A brief survey on operator theory in $H^2(\mathbb D^2)$

Rongwei Yang

This survey aims to give a brief introduction to operator theory in the Hardy
space over the bidisc $H^2(\mathbb D^2)$. As an important component of
multivariable operator theory, the theory in $H^2(\mathbb D^2)$ focuses
primarily on two pairs of commuting operators that are naturally associated
with invariant subspaces (or submodules) in $H^2(\mathbb D^2)$. Connection
between operator-theoretic properties of the pairs and the structure of the
invariant subspaces is the main subject.

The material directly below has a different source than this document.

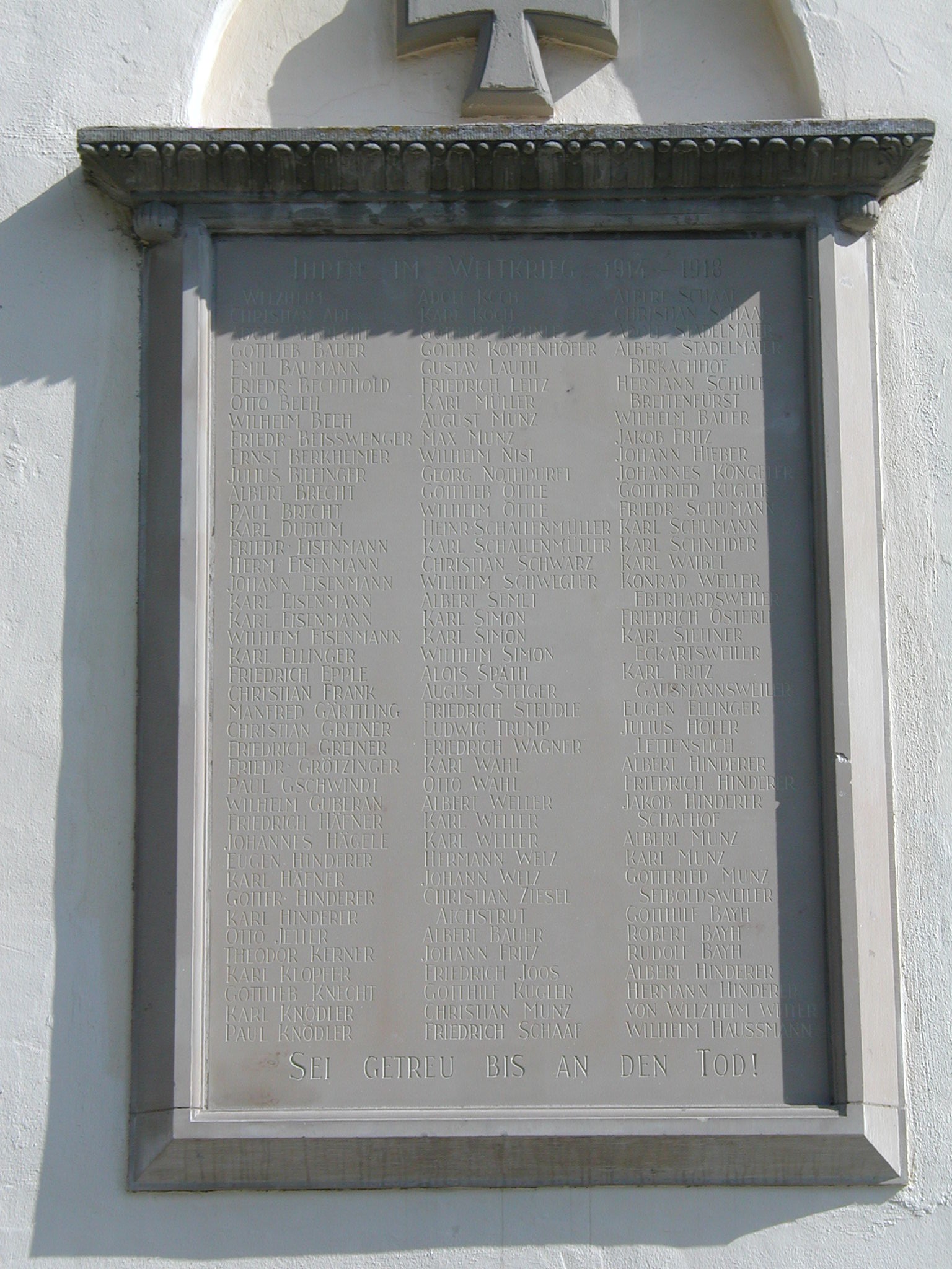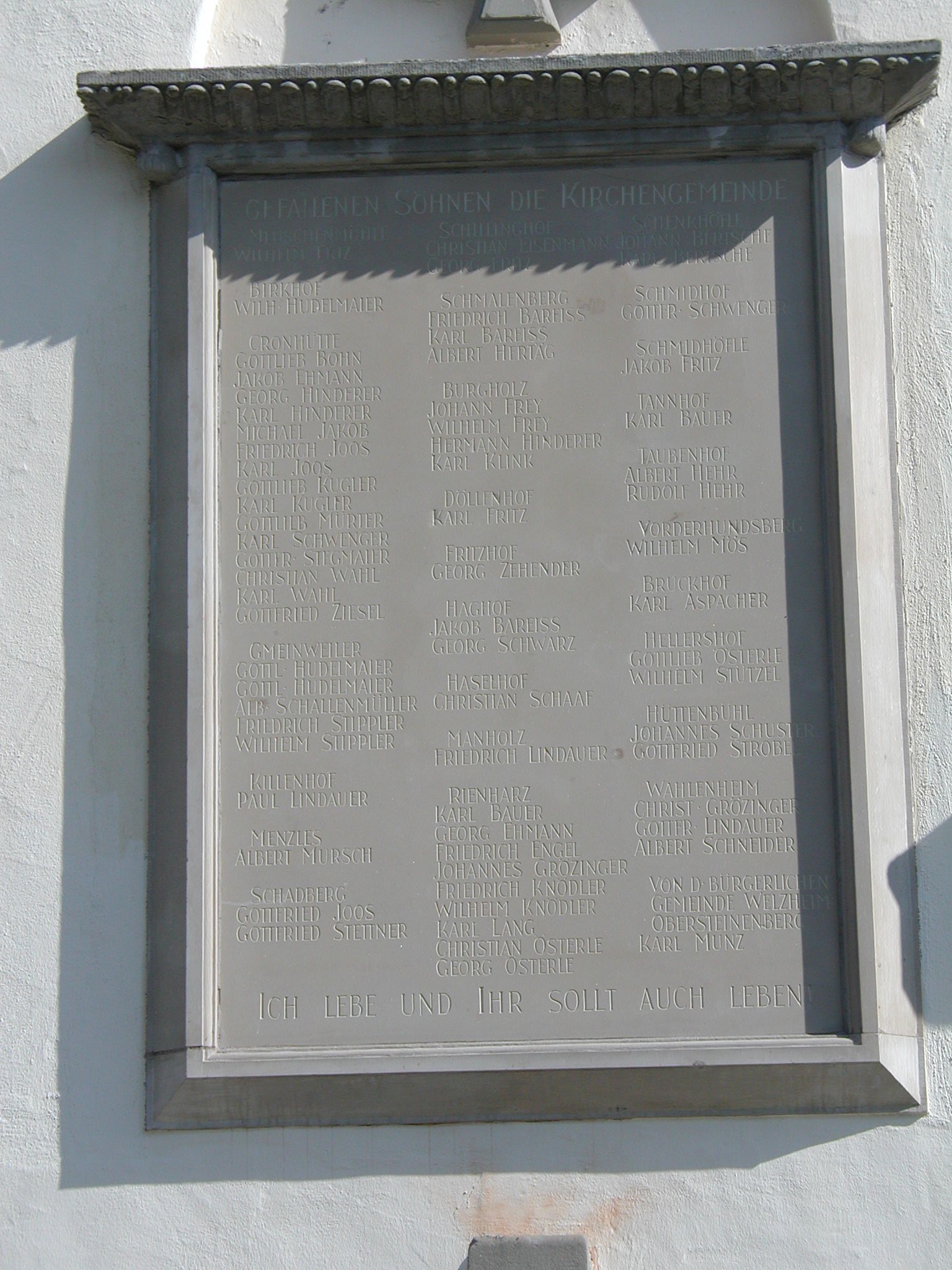 IHREN IM WELTKRIEG 1914 – 1918 GEFALLENEN SÖHNEN DIE KIRCHENGEMEINDE SEI GETREU BIS AN DEN TOD! ICH LEBE UND IHR SOLLT AUCH LEBEN!

The theory in $H^2(\mathbb D^2)$ is
motivated by and still tightly related to several other influential theories,
namely Nagy-Foias theory on operator models, Ando's dilation theorem of
commuting operator pairs, Rudin's function theory on $H^2(\mathbb D^n)$, and
Douglas-Paulsen's framework of Hilbert modules. Due to the simplicity of the
setting, a great supply of examples in particular, the operator theory in
$H^2(\mathbb D^2)$ has seen remarkable growth in the past two decades. This
survey is far from a full account of this development but rather a glimpse from
the author's perspective. Its goal is to show an organized structure of this
theory, to bring together some results and references and to inspire curiosity
on new researchers.